Obstacles include Iranian demands to link any agreement to Israel halting attacks on Hezbollah, and Trump’s desire to get the optics right on the nuclear issue, the sources said.
They said Trump has, in effect, accepted a linkage between Lebanon and the strait despite publicly denying it. He has pressed Israel to halt strikes on Beirut and its southern suburbs, wary that any escalation there could derail efforts to secure a deal on the strait.
Iran sees the immediate release of about $12 billion in frozen assets as central to any deal, and is unlikely to move ahead without it, the sources said.

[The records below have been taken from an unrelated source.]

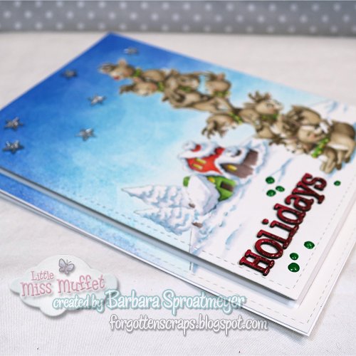 Hope you had a wonderful Christmas! For this project, I’ve used Stackers Reindeer by Art Impressions and in the background is Little Village by Make it Crafty (with some Chipboard Embellishments too). I stamped the reindeer and then used a mask to stamp the background. While the mask was still there, I used Distress Inks to do the background, Mermaid Lagoon and Blueprint Sketch. The sentiment was covered with Liquid Pearls.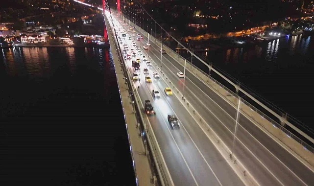 İki kıtayı birbirine bağlayan 15 Temmuz Şehitler Köprüsü üzerinde seyir halindeki bir aracın lastiği patladı. Lastiğin patladığını fark eden araç sürücüsü, otomobilini sağ şeride çekerek köprünün orasında durmak zorunda kaldı. Olay yerine gelen polis ekipleri, aracın bulunduğu şeridi trafiğe kapattı. Kapanan şeritle beraber Avrupa Yakası'ndan Anadolu Yakası'na geçmek isteyen araç sürücüleri kilometrelerce kuyruk oluşturdu. Meydana gelen araç kuyruğu havadan görüntülendi. Lastiği patlayan araç ise çekici yardımıyla köprüden kaldırıldı. Kısa bir sürenin ardından trafik normale döndü.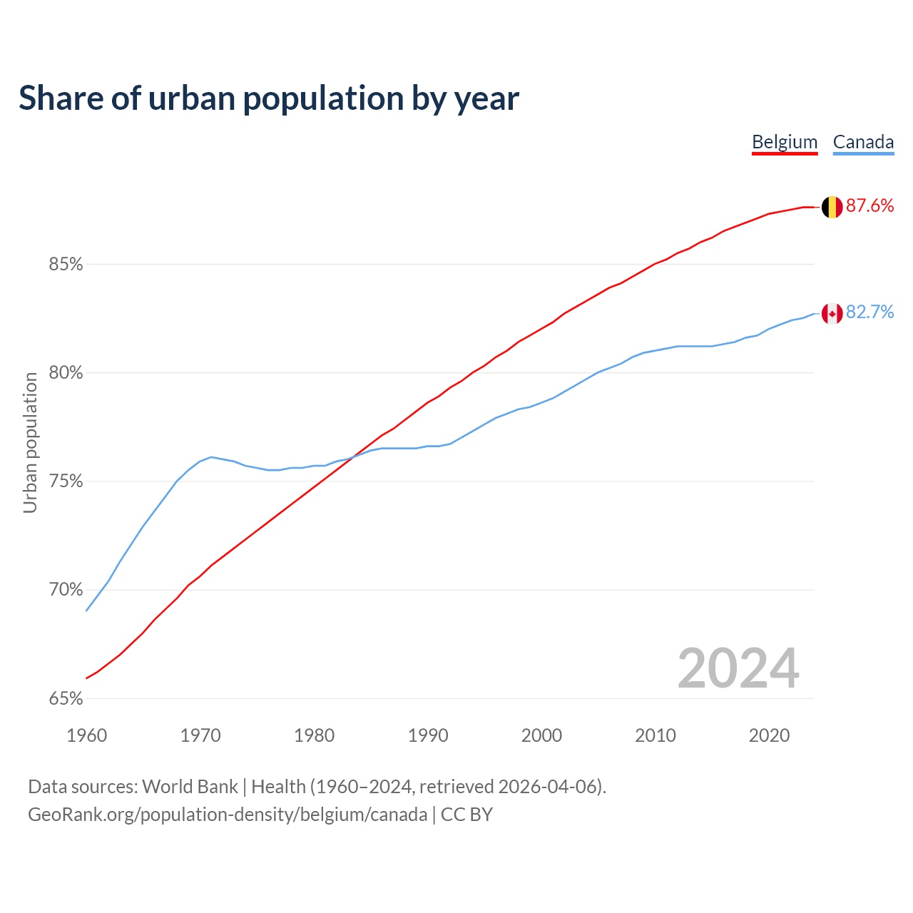 From 2004 to 2024, the share of urban population changed from 83.3% to 87.6% in Belgium and from 79.7% to 82.7% in Canada.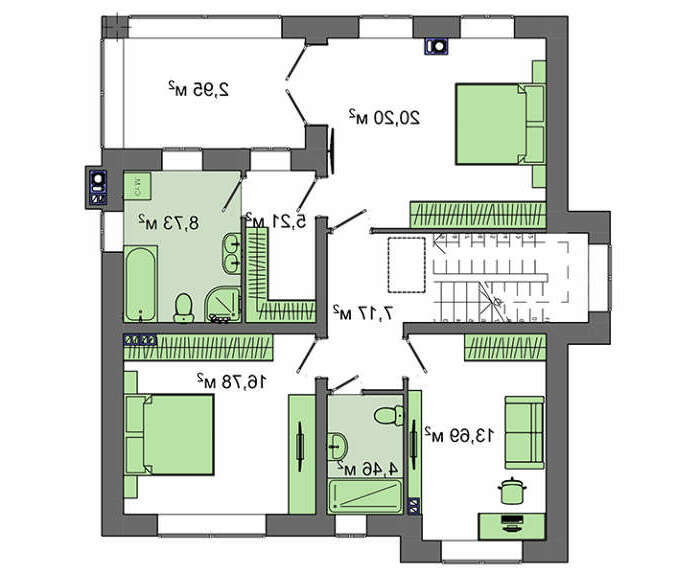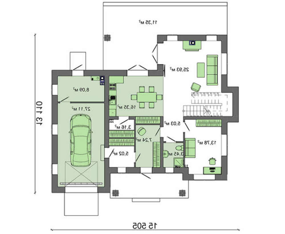 проект в зеркальном отображении позволит органично вписать дом в окружающий ландшафт.

David Schenker of the Washington Institute for Near East Policy said Trump wants to avoid comparisons with the 2015 nuclear deal reached under former President Barack Obama, but that releasing Iranian funds risks inviting exactly that charge.
“I’m not sure there’s any way around it,” Schenker said.
In 2018, Trump pulled the United States out of the 2015 deal, under which Iran agreed to curbs on its nuclear program in exchange for the lifting of sanctions. He said the agreement failed to protect U.S. national security interests.
Trump now wants wording that allows him to claim a win on Iran’s nuclear program without escalating the war.
“I think you can end up with language that each side interprets their own way. And then the subsequent negotiations will be quite fraught,” Ross said.
Analysts say any pause in the conflict is likely to leave the Revolutionary Guards emboldened.
“Before they were the power behind the throne, and now they are the power,” Schenker said.
For Israel, an interim deal is likely to be deeply troubling, with Iran’s leaders continuing to frame the war in stark ideological terms and signaling that no agreement will resolve the underlying conflict.
“For Israel and Iran, this chapter of the war may have ended, but the conflict is not ending,” Ross said.